The company ran several drug stores under assumed named in certain markets. Cunningham's also had some small drug stores branded as Schettler's in major hotels, such as the Sheraton-Cadillac in Detroit, and at high-end retail, such as at Somerset Mall in Troy, Michigan. In the 1960s, a small number of Cunningham's were re-branded as Dot Discount, an experiment which did not expand further, but which lasted a couple decades, some years after all Cunningham's had closed in the Detroit area.

The chain sold off 29 of its Michigan stores in 1982 to a private company, which re-branded them as Apex Drug.
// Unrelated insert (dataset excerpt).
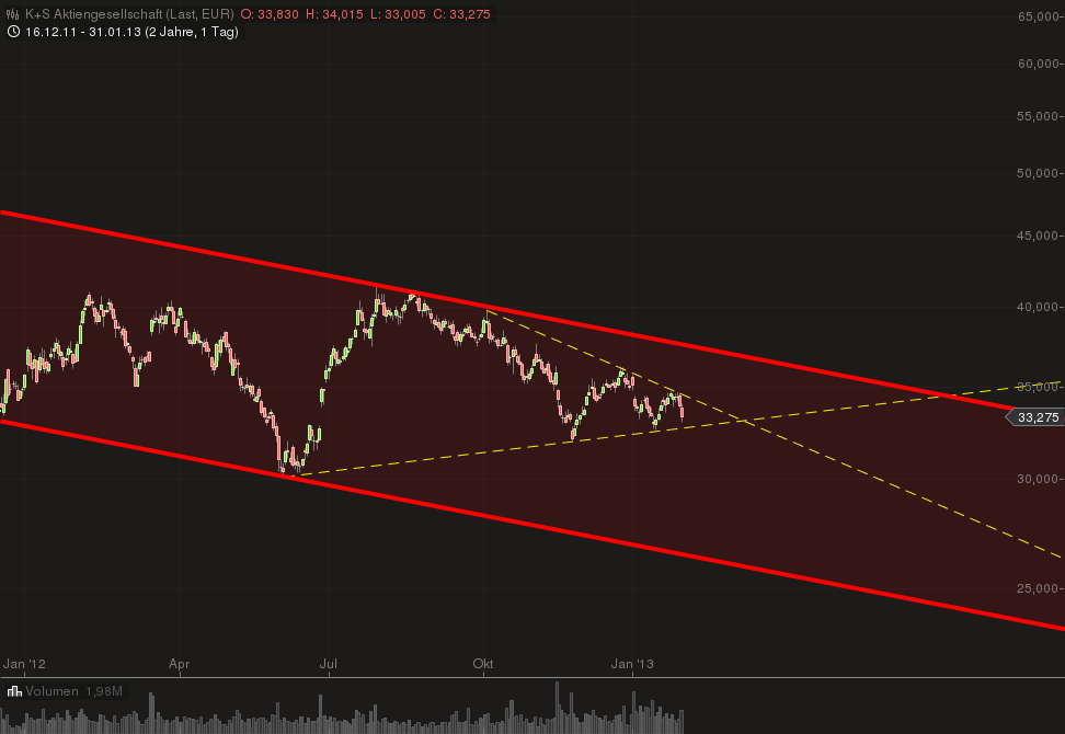 ...jetzt sind erst mal die Bären am Zug. Inverse SKS und W- Umkehrformation nach unten aufgelöst. Fällt die 33, gehts zügig Richtung 30. Fällt die 30 ist Potential bis 20. Aber auch nur wenn die 30 fällt. Entscheidend werden die Gewinne sein. Auch wenn die 30 fallen sollte, aber der Reingewinn 3,30/Aktie erreichen sollte, geht der Fahrstuhl mit Schwung wieder hoch. Ich vertraue dem Unternehmen. Die Nachfrageschwäche bei Kali wird nicht bis zum jüngsten Tag anhalten. Bill Doyle von Potash sieht auch nicht schwarz für 2013: Für das laufende Jahr rechnet Konzernchef Bill Doyle aber mit einer Erholung des Pottasche-Marktes. Dazu dürfte auch die jüngste Einigung in China über neue Verträge beitragen. Verzögerungen dort hatten am Markt für Zurückhaltung gesorgt. 2013 dürfte der Gewinn auf 2,75 bis 3,25 Dollar je Aktie klettern. Für das erste Quartal stellte Doyle 0,50 bis 0,65 Dollar je Aktie in Aussicht. Am Markt werden derzeit 69 Cent erwartet (http://www.finanznachrichten.de/nachrichten-2013-01/25850794-k-s-konkurrent-potash-verfehlt-gesenkte-ziele-2012-knapp-016.htm). Und wie ich schon sagte. Ich kann warten und ggf. schön billig nachkaufen.

Three years later, most of the Apex locations were sold to Perry Drug Stores, another chain based in the Detroit metropolitan area.

The remaining Cunningham stores were gradually sold off or shuttered. By late 1991, the last five in operation, all in the Fort Lauderdale, Florida area, were sold to Walgreens.

==Legacy==
In 2026, Edward A. Cunningham, a fourth-generation direct lineal descendant of founder Andrew R. Cunningham, established The Cunningham 1928 LLC in Michigan to revive the Cunningham brand commercially. Federal trademark applications were filed with the United States Patent and Trademark Office under Serial Numbers 99659301 and 99682330, covering real estate and hospitality services respectively. The LLC has announced it is actively seeking Michigan locations to launch Cunningham's as a hospitality brand, with a planned expansion timed to coincide with the brand's 140th anniversary in 2029 and the centennial of the founding family's original Detroit construction project.